** Data for processing follows **

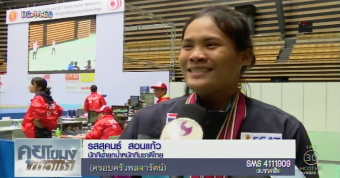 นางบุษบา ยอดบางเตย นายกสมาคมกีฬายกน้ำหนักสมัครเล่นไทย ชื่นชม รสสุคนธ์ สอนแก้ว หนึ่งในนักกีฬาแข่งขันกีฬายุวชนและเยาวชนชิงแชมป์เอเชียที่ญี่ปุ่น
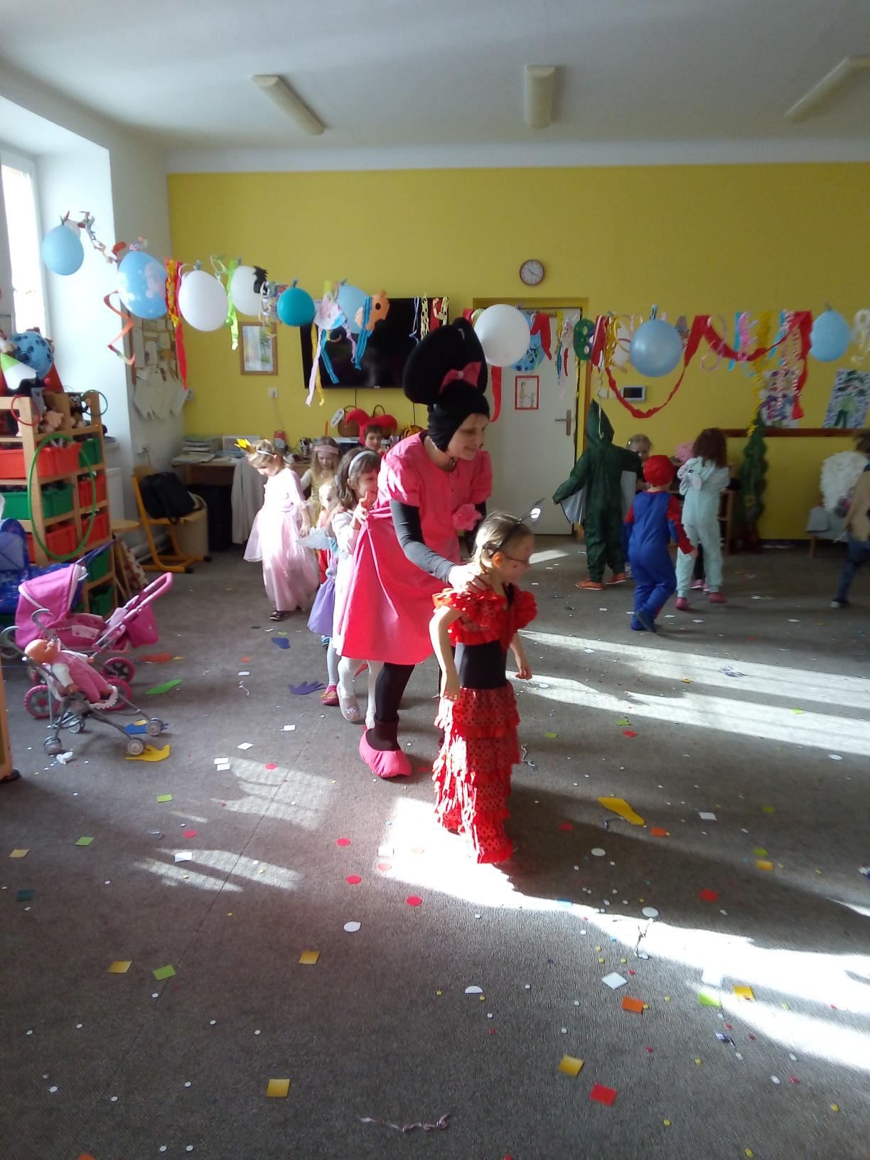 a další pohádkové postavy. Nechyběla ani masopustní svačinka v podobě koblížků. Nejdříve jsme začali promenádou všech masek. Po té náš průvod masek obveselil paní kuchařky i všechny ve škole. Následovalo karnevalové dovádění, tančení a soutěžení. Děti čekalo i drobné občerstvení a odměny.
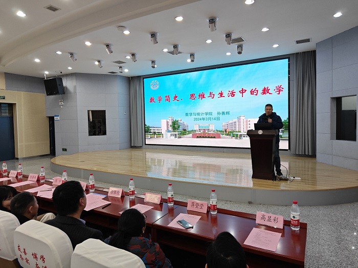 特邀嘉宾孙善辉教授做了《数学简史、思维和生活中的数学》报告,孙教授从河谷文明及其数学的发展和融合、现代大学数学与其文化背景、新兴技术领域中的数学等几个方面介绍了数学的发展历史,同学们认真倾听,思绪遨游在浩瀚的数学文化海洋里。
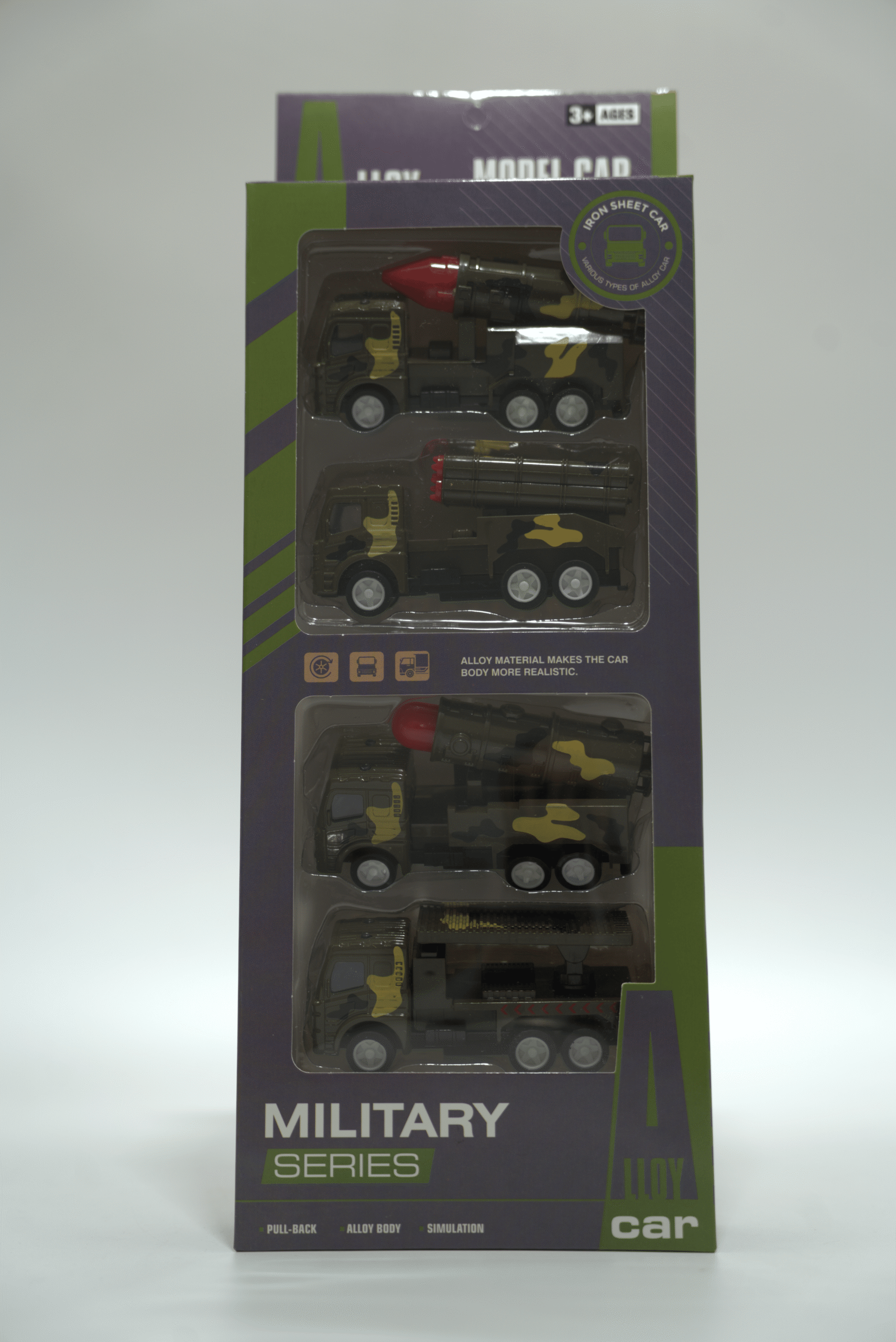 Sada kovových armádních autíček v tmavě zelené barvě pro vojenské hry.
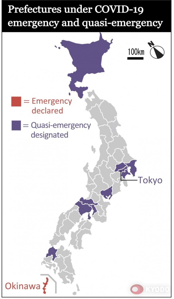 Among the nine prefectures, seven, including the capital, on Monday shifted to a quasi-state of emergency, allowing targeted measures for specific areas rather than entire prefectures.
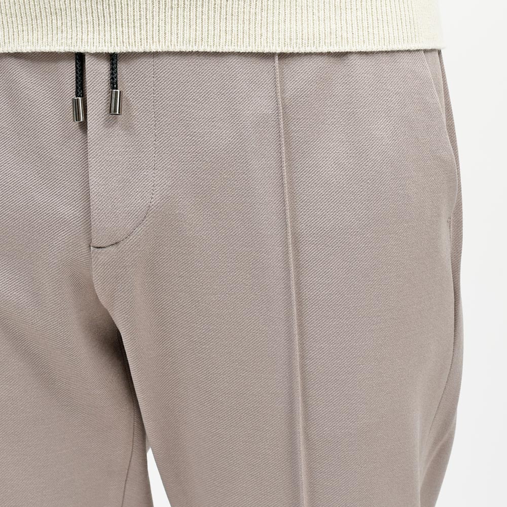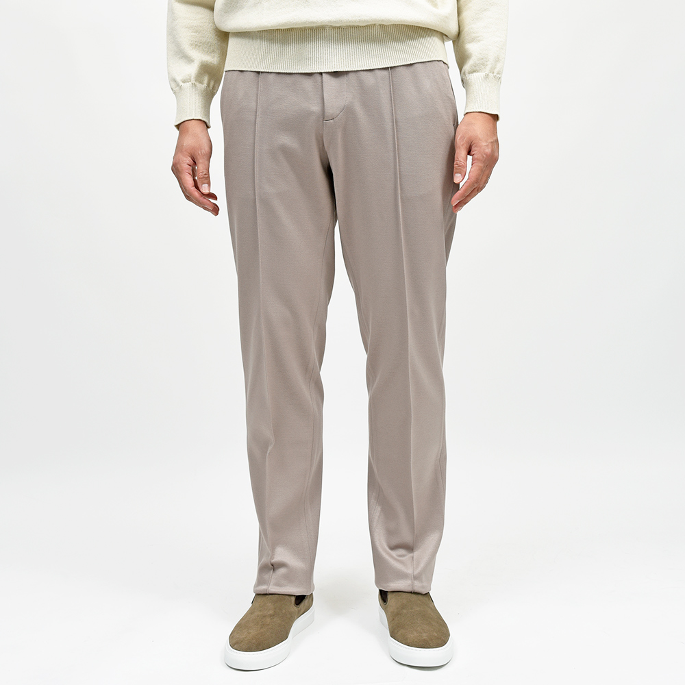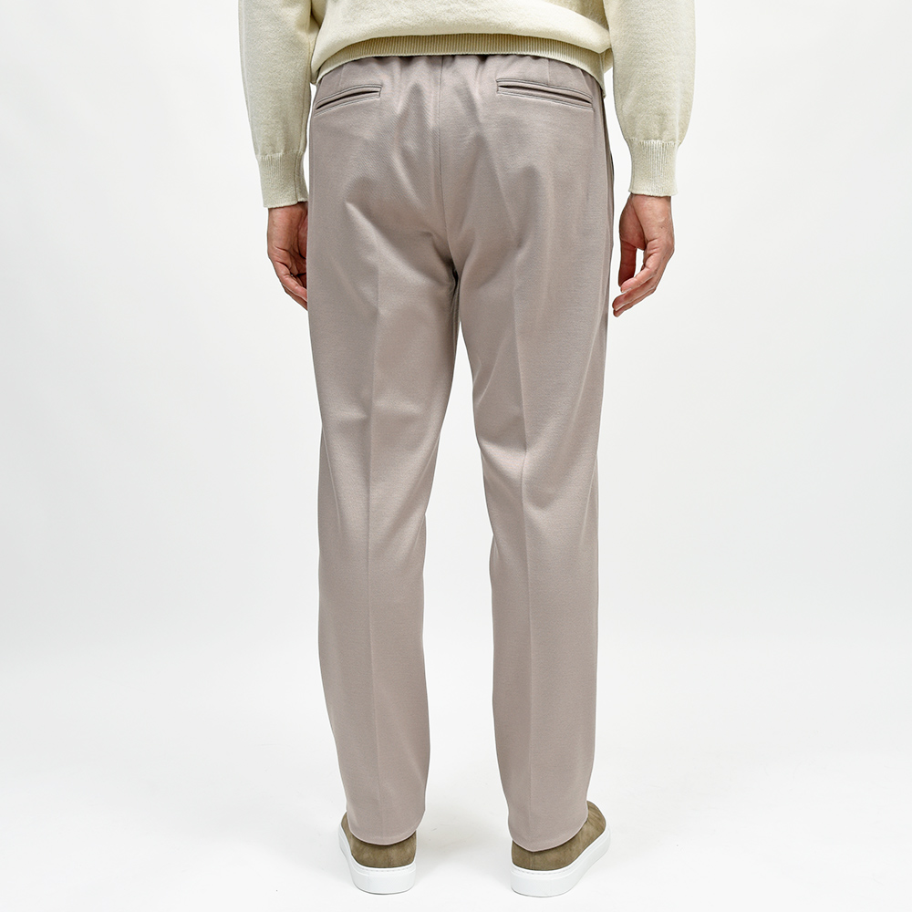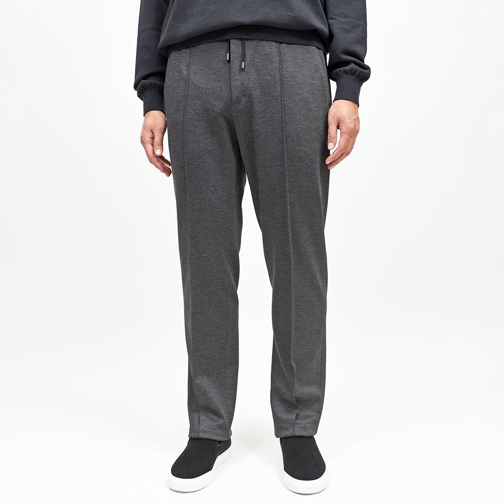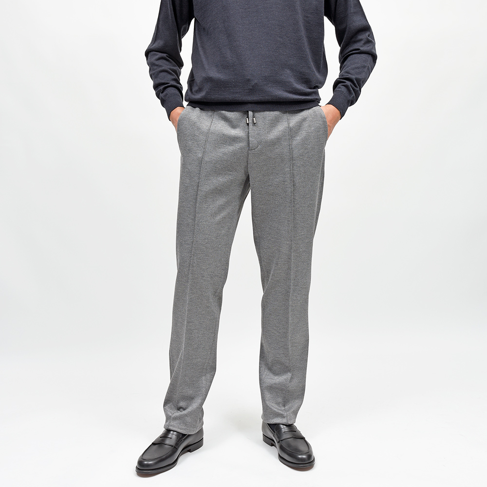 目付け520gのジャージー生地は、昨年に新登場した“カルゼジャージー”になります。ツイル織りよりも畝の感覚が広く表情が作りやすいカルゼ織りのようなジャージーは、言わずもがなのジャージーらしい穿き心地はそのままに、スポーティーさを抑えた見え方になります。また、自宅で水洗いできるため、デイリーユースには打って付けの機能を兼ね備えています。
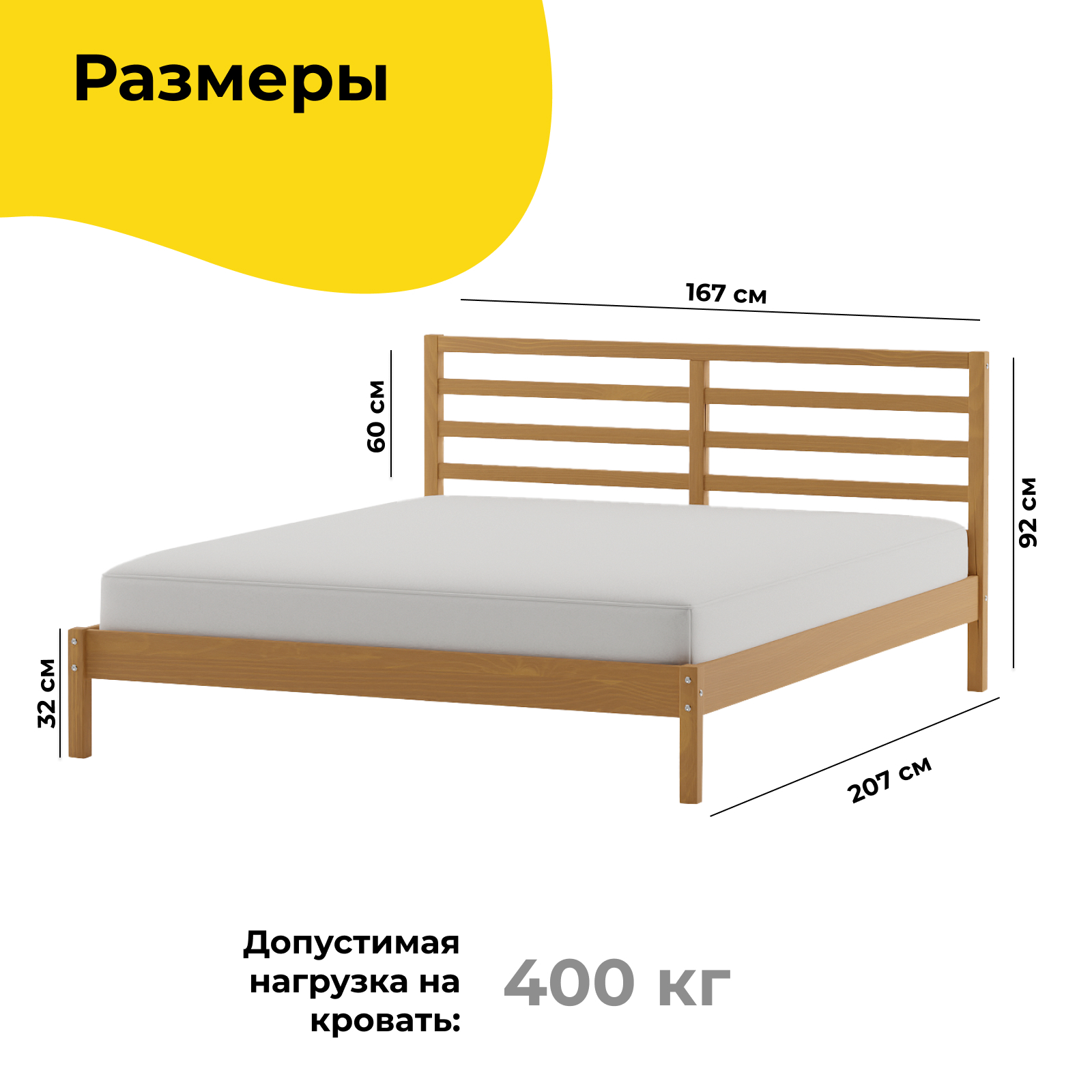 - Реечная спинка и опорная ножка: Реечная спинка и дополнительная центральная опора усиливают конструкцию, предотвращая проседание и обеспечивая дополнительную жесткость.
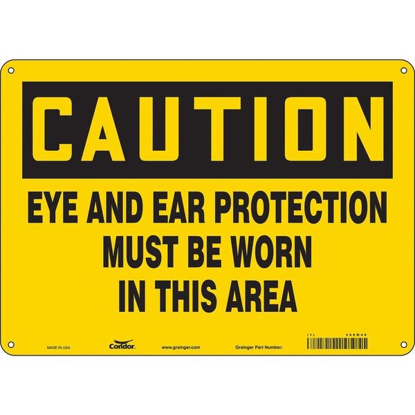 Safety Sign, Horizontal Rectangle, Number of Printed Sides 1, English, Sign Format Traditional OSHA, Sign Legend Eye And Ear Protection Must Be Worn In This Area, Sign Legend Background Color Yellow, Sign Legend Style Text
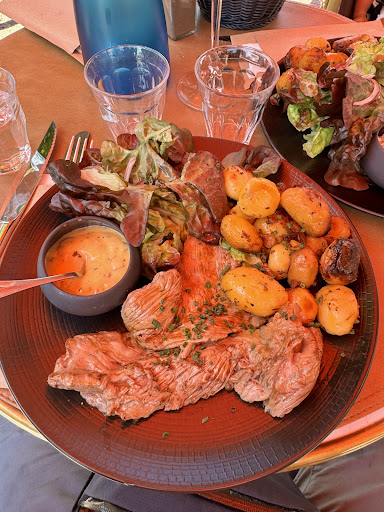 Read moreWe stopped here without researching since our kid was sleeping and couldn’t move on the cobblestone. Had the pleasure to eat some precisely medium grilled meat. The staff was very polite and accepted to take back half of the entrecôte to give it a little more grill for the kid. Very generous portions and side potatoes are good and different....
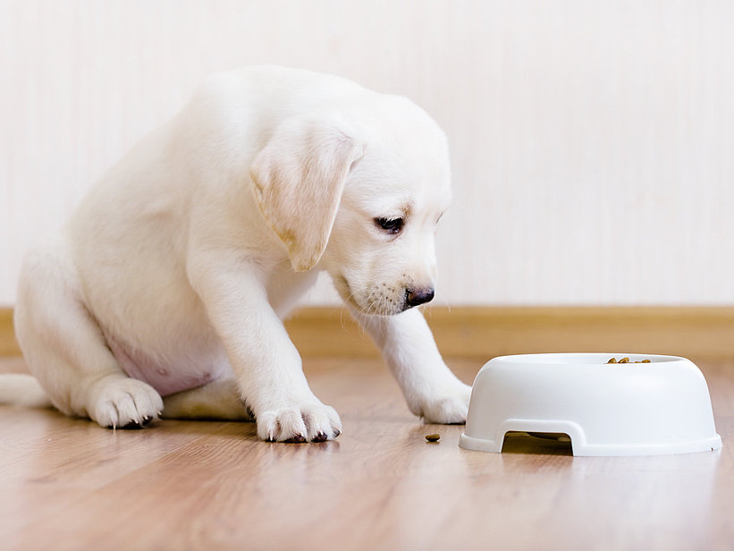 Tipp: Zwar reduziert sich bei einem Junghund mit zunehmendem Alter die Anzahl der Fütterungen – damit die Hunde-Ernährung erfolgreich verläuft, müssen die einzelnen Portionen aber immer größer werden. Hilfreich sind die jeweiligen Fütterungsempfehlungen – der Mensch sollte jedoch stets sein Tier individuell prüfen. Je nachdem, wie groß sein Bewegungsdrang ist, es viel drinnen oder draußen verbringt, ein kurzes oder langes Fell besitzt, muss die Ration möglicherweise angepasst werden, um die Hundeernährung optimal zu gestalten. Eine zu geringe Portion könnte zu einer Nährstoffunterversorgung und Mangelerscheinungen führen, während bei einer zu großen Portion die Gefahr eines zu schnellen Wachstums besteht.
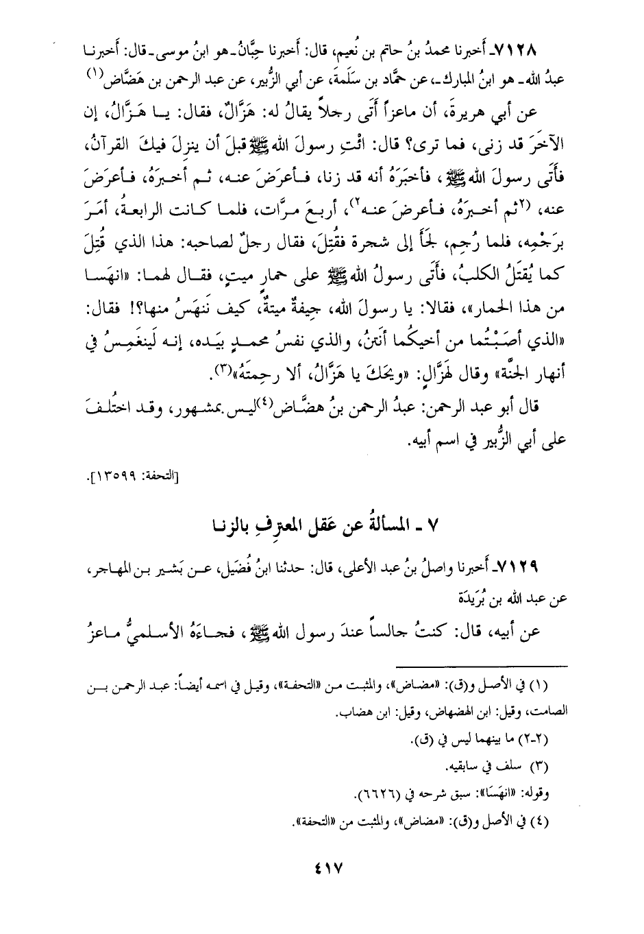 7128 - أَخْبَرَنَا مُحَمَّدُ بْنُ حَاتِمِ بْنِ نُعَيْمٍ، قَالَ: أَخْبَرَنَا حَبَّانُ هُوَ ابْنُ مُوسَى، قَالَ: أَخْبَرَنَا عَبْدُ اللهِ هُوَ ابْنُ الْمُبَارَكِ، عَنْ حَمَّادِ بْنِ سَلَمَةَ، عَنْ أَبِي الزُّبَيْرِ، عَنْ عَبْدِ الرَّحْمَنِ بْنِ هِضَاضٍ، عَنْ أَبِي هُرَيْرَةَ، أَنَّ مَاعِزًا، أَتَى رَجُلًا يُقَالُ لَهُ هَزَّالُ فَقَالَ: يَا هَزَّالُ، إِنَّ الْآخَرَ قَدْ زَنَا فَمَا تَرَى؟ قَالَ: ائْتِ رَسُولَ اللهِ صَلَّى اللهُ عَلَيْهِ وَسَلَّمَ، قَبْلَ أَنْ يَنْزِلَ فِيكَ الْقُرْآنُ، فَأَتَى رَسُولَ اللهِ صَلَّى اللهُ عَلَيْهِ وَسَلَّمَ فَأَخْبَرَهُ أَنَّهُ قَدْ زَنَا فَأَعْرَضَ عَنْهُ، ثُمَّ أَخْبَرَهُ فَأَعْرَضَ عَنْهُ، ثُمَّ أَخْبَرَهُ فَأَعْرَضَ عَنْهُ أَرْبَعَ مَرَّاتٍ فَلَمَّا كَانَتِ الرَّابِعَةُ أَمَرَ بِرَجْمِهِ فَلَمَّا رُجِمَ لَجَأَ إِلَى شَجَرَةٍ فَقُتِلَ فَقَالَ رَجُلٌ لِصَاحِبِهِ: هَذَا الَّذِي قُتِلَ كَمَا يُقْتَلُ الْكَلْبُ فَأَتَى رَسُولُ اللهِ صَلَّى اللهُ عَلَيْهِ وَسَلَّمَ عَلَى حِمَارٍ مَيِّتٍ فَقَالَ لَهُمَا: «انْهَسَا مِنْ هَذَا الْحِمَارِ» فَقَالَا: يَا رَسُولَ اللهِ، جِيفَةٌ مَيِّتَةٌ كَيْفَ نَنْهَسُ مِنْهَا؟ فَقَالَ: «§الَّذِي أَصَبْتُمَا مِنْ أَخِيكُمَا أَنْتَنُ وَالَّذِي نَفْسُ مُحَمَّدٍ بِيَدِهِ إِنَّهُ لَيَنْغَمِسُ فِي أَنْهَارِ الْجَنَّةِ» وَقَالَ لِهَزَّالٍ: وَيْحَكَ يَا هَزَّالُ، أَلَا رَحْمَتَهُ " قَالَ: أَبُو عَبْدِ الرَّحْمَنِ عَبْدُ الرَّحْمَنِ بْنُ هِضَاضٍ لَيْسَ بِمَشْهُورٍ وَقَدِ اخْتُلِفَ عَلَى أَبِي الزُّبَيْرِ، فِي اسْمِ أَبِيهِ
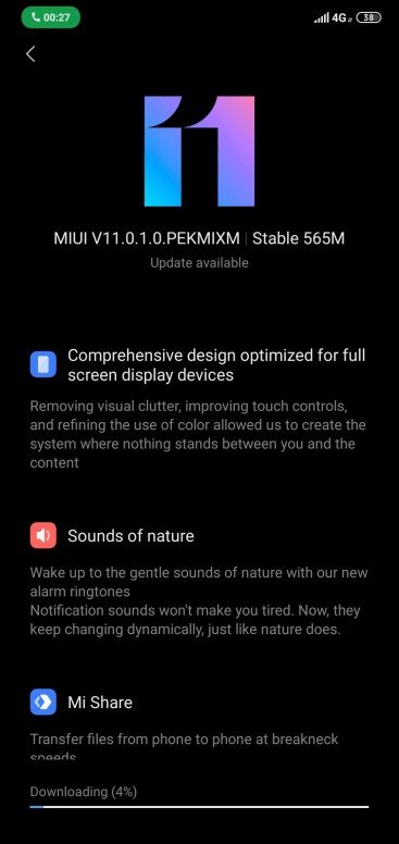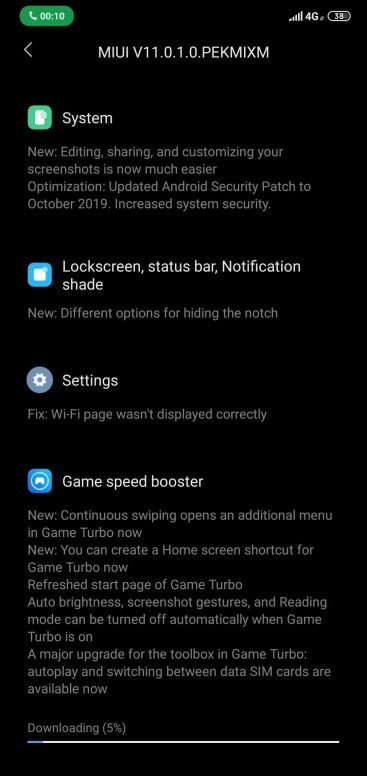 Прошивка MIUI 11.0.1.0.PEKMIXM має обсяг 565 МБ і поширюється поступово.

** End of Data for processing **

◆ Prompt: Reproduce the listing above only between the lines holding "a další pohádkové" and "- Реечная спинка", inclusive. Every line must match exactly, and pictures are dropped.

◆ Reply:
 a další pohádkové postavy. Nechyběla ani masopustní svačinka v podobě koblížků. Nejdříve jsme začali promenádou všech masek. Po té náš průvod masek obveselil paní kuchařky i všechny ve škole. Následovalo karnevalové dovádění, tančení a soutěžení. Děti čekalo i drobné občerstvení a odměny.
 特邀嘉宾孙善辉教授做了《数学简史、思维和生活中的数学》报告,孙教授从河谷文明及其数学的发展和融合、现代大学数学与其文化背景、新兴技术领域中的数学等几个方面介绍了数学的发展历史,同学们认真倾听,思绪遨游在浩瀚的数学文化海洋里。
 Sada kovových armádních autíček v tmavě zelené barvě pro vojenské hry.
 Among the nine prefectures, seven, including the capital, on Monday shifted to a quasi-state of emergency, allowing targeted measures for specific areas rather than entire prefectures.
 目付け520gのジャージー生地は、昨年に新登場した“カルゼジャージー”になります。ツイル織りよりも畝の感覚が広く表情が作りやすいカルゼ織りのようなジャージーは、言わずもがなのジャージーらしい穿き心地はそのままに、スポーティーさを抑えた見え方になります。また、自宅で水洗いできるため、デイリーユースには打って付けの機能を兼ね備えています。
 - Реечная спинка и опорная ножка: Реечная спинка и дополнительная центральная опора усиливают конструкцию, предотвращая проседание и обеспечивая дополнительную жесткость.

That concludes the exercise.